8. Where this control plane earns its keep
This harness is useful anywhere the cost of silent process failure is high: ML experiments, leakage-prone feature work, backtesting and validation loops, long-running technical sessions that need state continuity, and evidence-sensitive writing or review.
The claim is deliberately narrow. The system is not interesting because it sounds autonomous.

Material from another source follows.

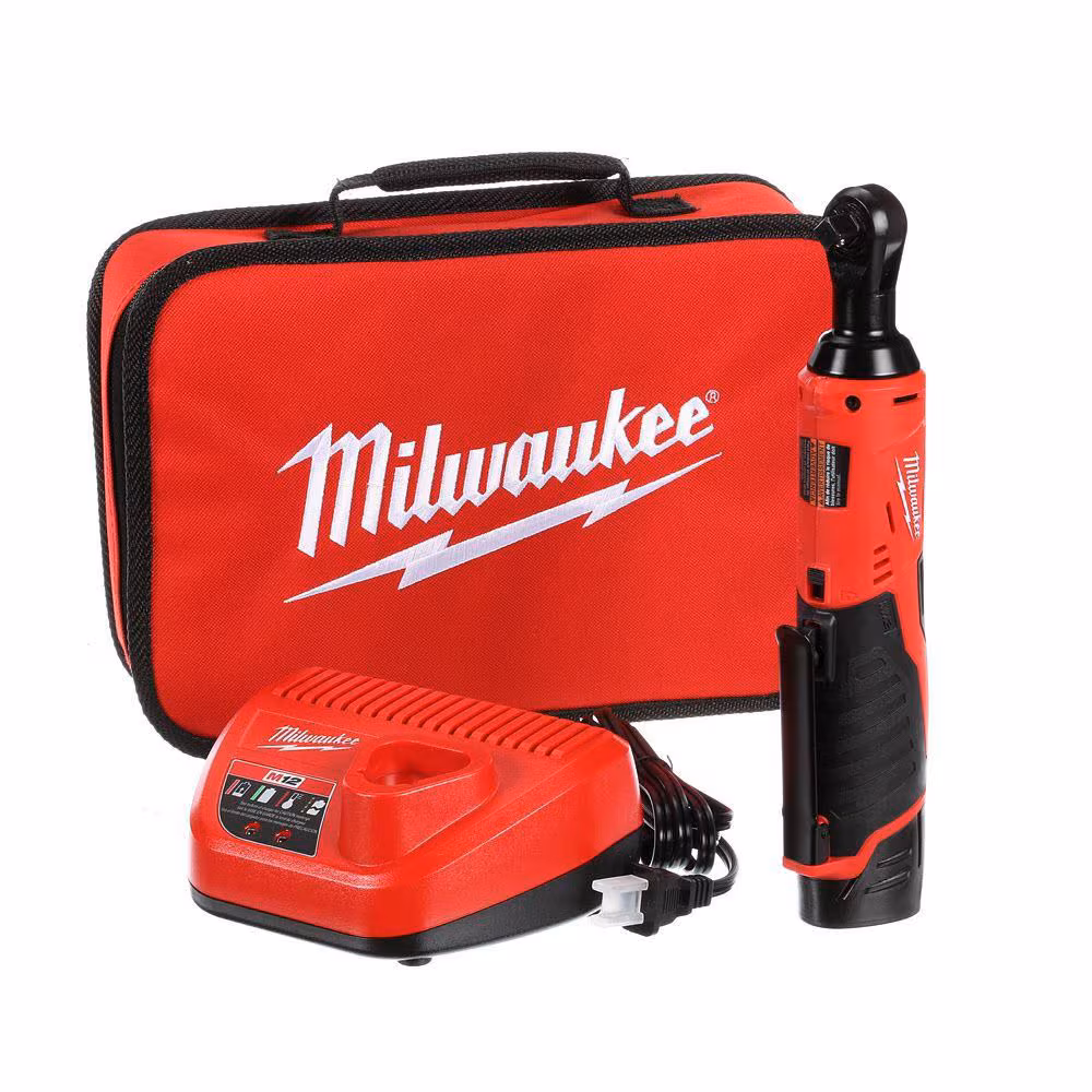 Choose the sub-compact ratchet with best-in-class power, speed and durability. The M12™ Cordless 3/8” Lithium-Ion Ratchet is the ideal tool for auto mechanics, maintenance and repair professionals looking for maximum performance and productivity in a subcompact cordless tool. It utilizes a powerful 12-volt motor to produce up to 35 ft-lbs of torque and 250 RPM, giving users the power and speed of a pneumatic ratchet without the airhose. It’s powered by the M12 REDLITHIUM™ Battery Pack, which delivers more work per charge and more work over pack life than the competitors, as well as best-in-class performance in extreme jobsite conditions. At just 10-3/4” long and 1.9 lbs, the ratchet is tool-belt portable, and features a 3/4″ low-profile head design for work in the tightest of spaces and engine bays. The variable-speed metal trigger and reinforced steel housing provide maximum control and durability with any application. The kit includes one M12 battery, a 30-minute charger, a 3/8” to 1/4″ adapter and carrying case

It is interesting because it makes stale state, unsupported claims, weak verification, and known time-series mistakes harder to hide.
8.1 Implemented controls versus planned controls
| Mechanism | Status | Public-safe claim |
|---|---|---|
| Blocked time-series rules | Implemented policy | The harness has explicit anti-leakage stop conditions. |
| Artifact generation | Implemented code | Runs emit canonical manifests and pipeline evidence. |
| Benchmark split governance | Implemented workflow | Train/public/holdout provenance is mechanically tracked. |
| Local gate plugins | Implemented locally | Useful local controls, not universal platform guarantees. |
| Full routing excellence | Not yet proven | Current public evidence does not support a strong success claim. |
Notes
- The factual basis for this page comes from the actual operating rules, control-plan documents, orchestration prompt, evaluation code, and benchmark artifacts. The value here is the control logic, not the branding.
- This page avoids role-name marketing on purpose. The hiring signal is the enforcement logic, state handling, artifact generation, and failure discipline.
- The examples and rule blocks are included because they map directly to real ML, backtesting, and time-series failure modes.